London: 3 Muslim suicide bombers planned new attack "bigger than 7/7"

The three were inspired by the anti-Western sermons of U.S. born Islamist cleric Anwar al-Awlaki, who was killed in Yemen in September 2011.
LONDON (Reuters) - Three British men planned to carry out suicide bombings which could have been more devastating than the July 7, 2005 attacks in London, a court heard on Monday.

Fifty-one people died and over 700 were injured in co-ordinated suicide bombings on London underground trains and a bus by four British Islamists in the so-called 7/7 attacks.

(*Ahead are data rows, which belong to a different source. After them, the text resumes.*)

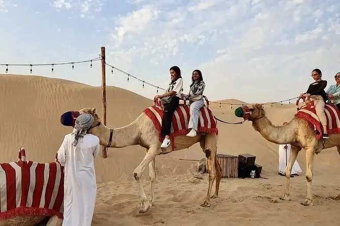 Quittez Dubaï pour une aventure en 4x4 sur les dunes avec un petit groupe, puis ralentissez avec une balade à dos de chameau au coucher du soleil. Au camp, testez la shisha ou un tatouage au henné, assistez à des spectacles de feu et de danse sous les lanternes, et partagez un dîner barbecue avant de repartir avec plein de souvenirs.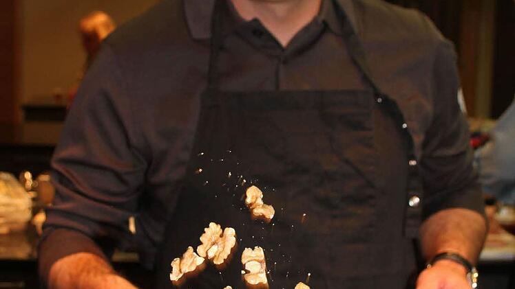Als Vorspeise stand eine Salatkreation mit Apfelscheibchen und überbackenem Ziegenkäse in verführerischer Honig-Balsamico-Sauce auf dem Programm. Michael Straub (47) wollte diese Station übernehmen. Er fackelte nicht lange - röstete Pinienkerne an.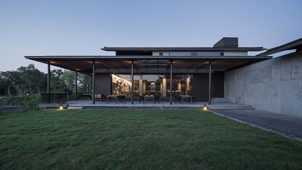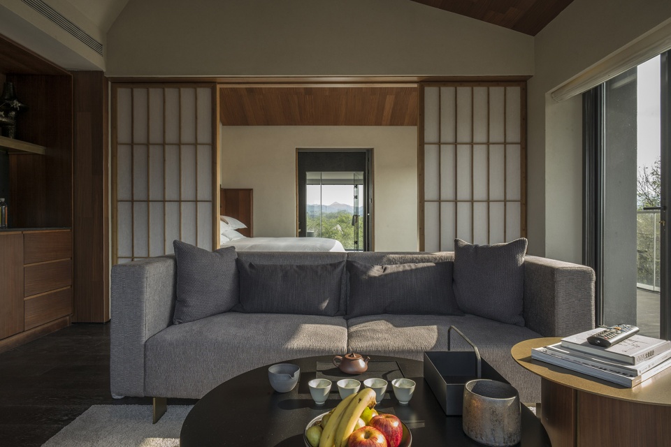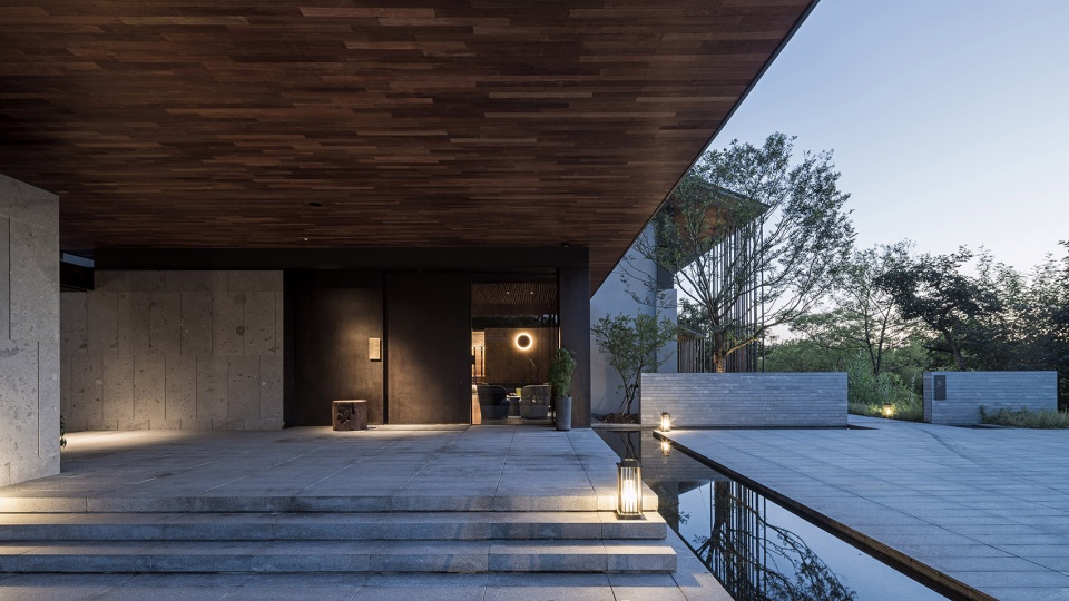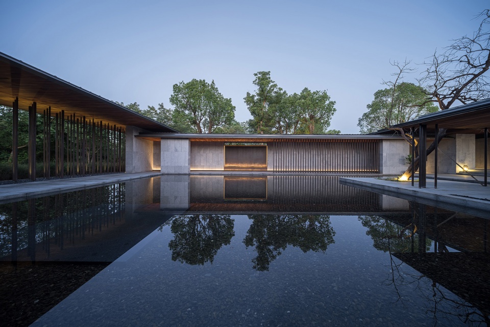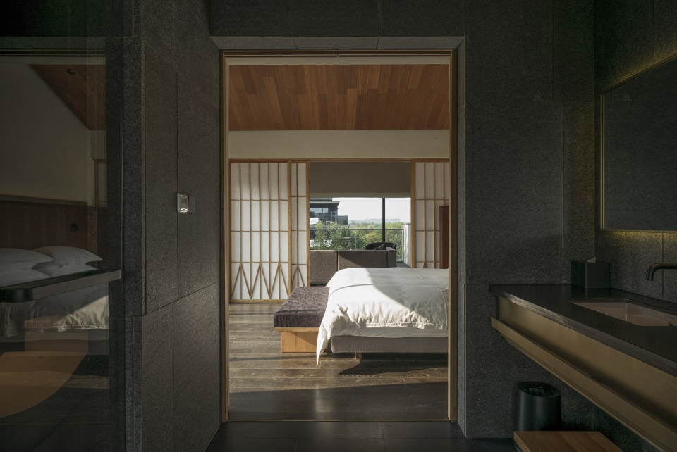 酒店功能布局因地制宜,入口一爿琴台与柿树静立于水院中央,以水平线条连接东侧视野开阔的“野堂”与西侧的回廊。

Irfan Naseer, 31, Irfan Khalid and Ashik Ali, both 27, are accused of being central figures in the plot, jurors at Woolwich Crown Court were told.

"The police successfully disrupted a plan to commit an act or acts of terrorism on a scale potentially greater than the London bombings in July 2005 had it been allowed to run its course," said prosecutor Brian Altman.

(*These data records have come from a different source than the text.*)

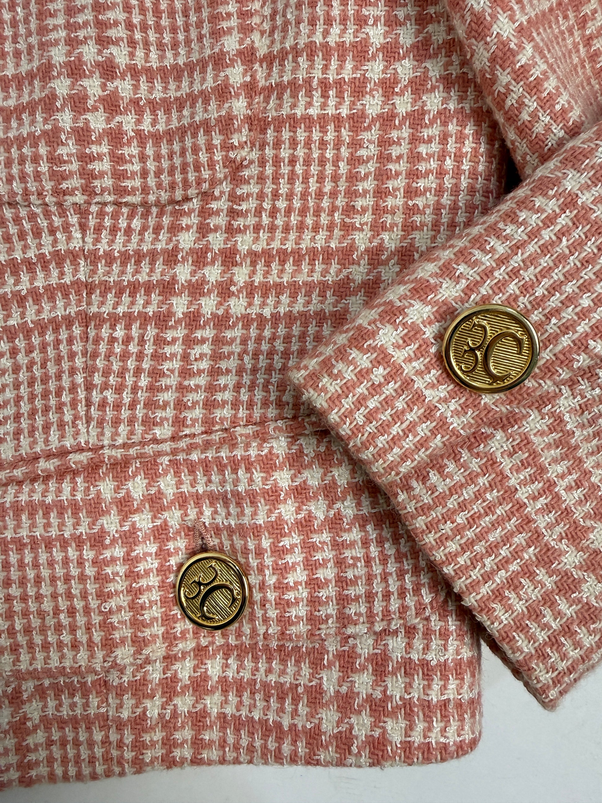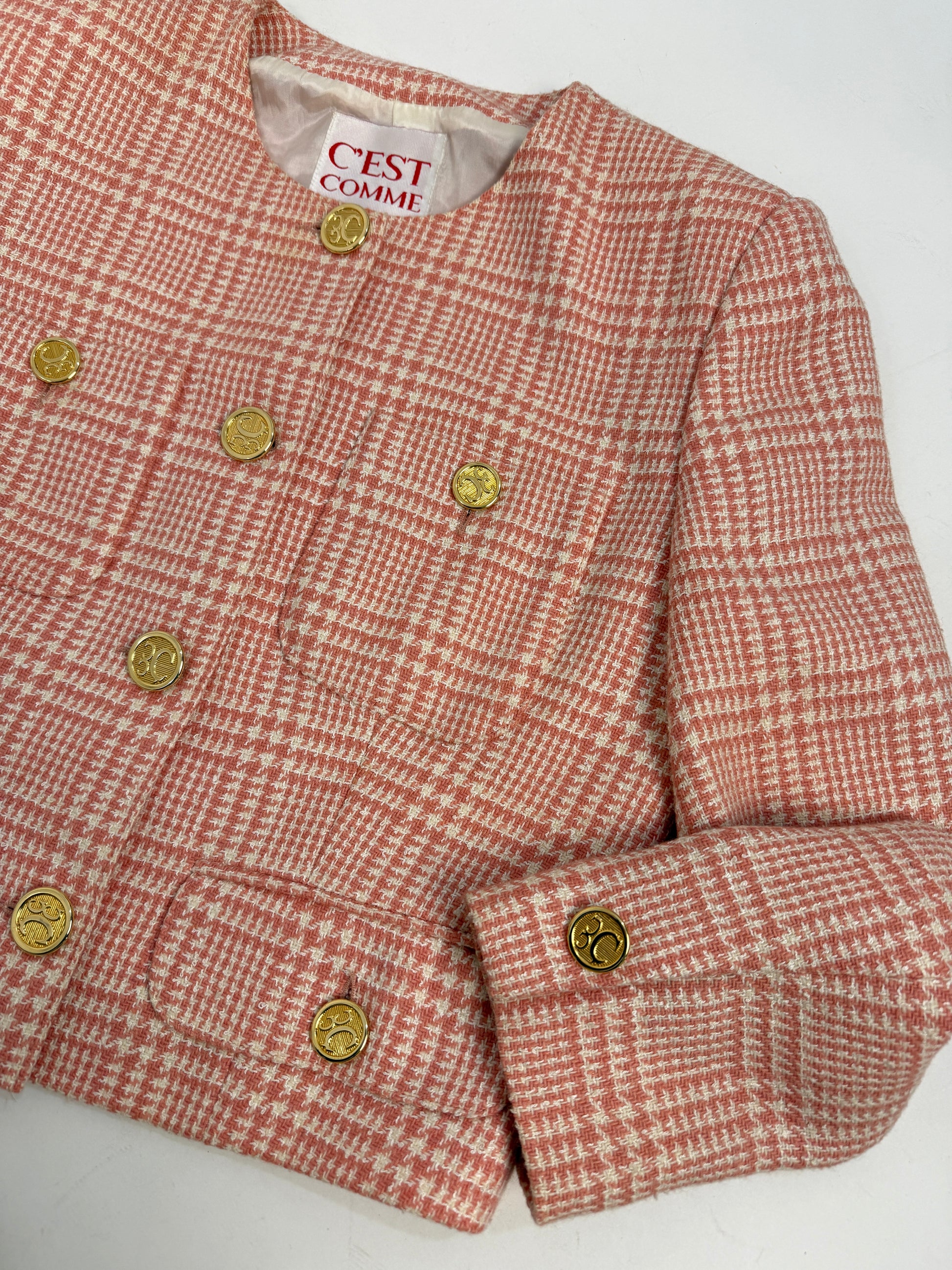 La giacca è corta, strutturata, con tasche frontali e chiusura a bottoni oro.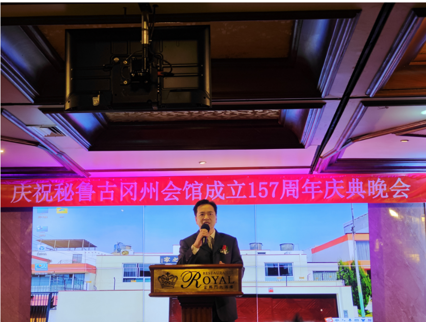 中国驻秘鲁大使馆次旺平措公使上台致辞,他表示,今日从秘鲁卡拉尔(Calar)——美洲最古老的城市考察之后,前往钱凯港,看到设备机车、无人5G操作系统陆续安装与落实,再从钱凯赶往繁华的利马大都市,抵达百年老店秘鲁古冈州会馆157周年庆典晚会,如时空交错般,体验着古老与现代、人类智慧与文明、历史与进步,正如秘鲁总统访华时习近平主席所言,中秘两国都是文明古国,友谊源远流长。无论是现代领域的合作还是旅秘侨胞的发展与秘鲁社会的融合,都呈现着两国的交心交融、互鉴互助。正值秘鲁国庆前夕,次旺次旺平措公使祝福秘鲁生日快乐,祝贺古冈州会馆成立157周年晚会圆满成功!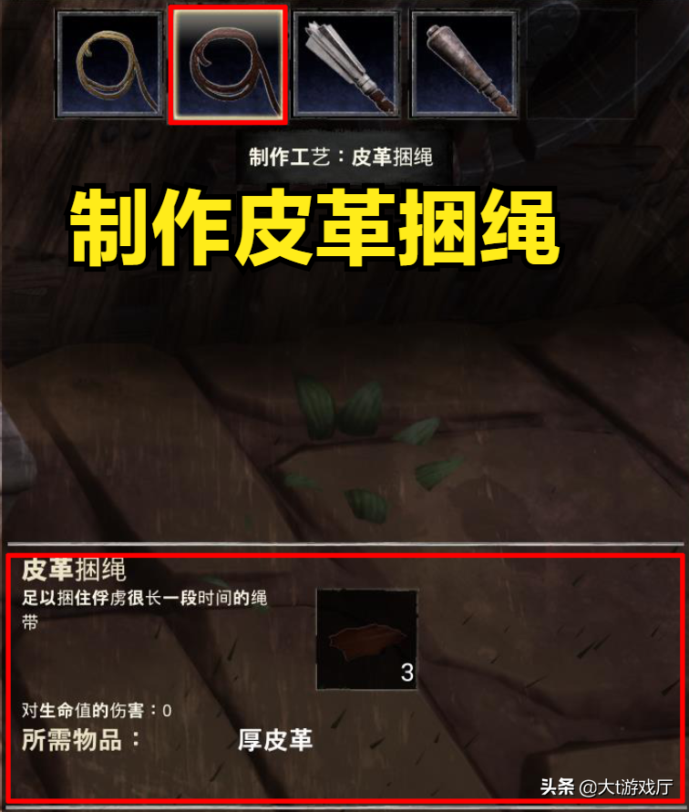 皮革捆绳仅需三张厚皮革就可在拷打者工作台中制作。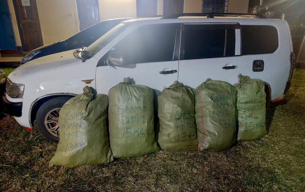 Officers from the National Police Service in Teso South intercepted a Toyota Probox vehicle at the market on Thursday. A search of the car uncovered five sacks of bhang weighing 69 kilograms, with an estimated street value of Sh 2,070,000. One suspect was arrested and is in police custody, awaiting court arraignment. The vehicle and the seized drugs have been secured.
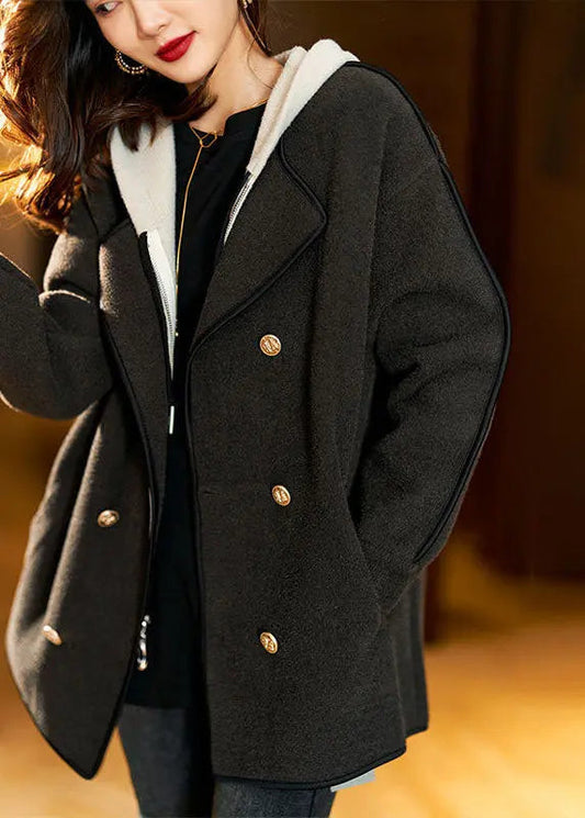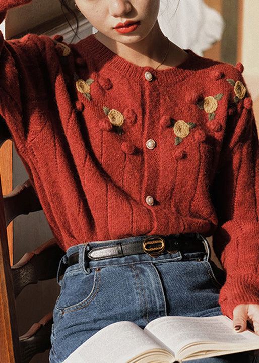 Women Wine Red Button Patchwork Cozy Knit Coat Long Sleeve TU048

"The defendants were proposing to detonate up to eight rucksack bombs in a suicide attack and/or to detonate bombs on timers in crowded areas in order to cause mass deaths and casualties.

"One of them even described a plan to cause another 9/11," he added, referring to the 2001 attacks in the United States.

All the men, from the city of Birmingham in central England, are accused of engaging in conduct in preparation of terrorist acts, which they deny.

Naseer is accused of five counts of the offence, Khalid four and Ali three, all between Christmas Day 2010 and September 2011. Nasser and Khalid are also accused of travelling to Pakistan for training in terrorism.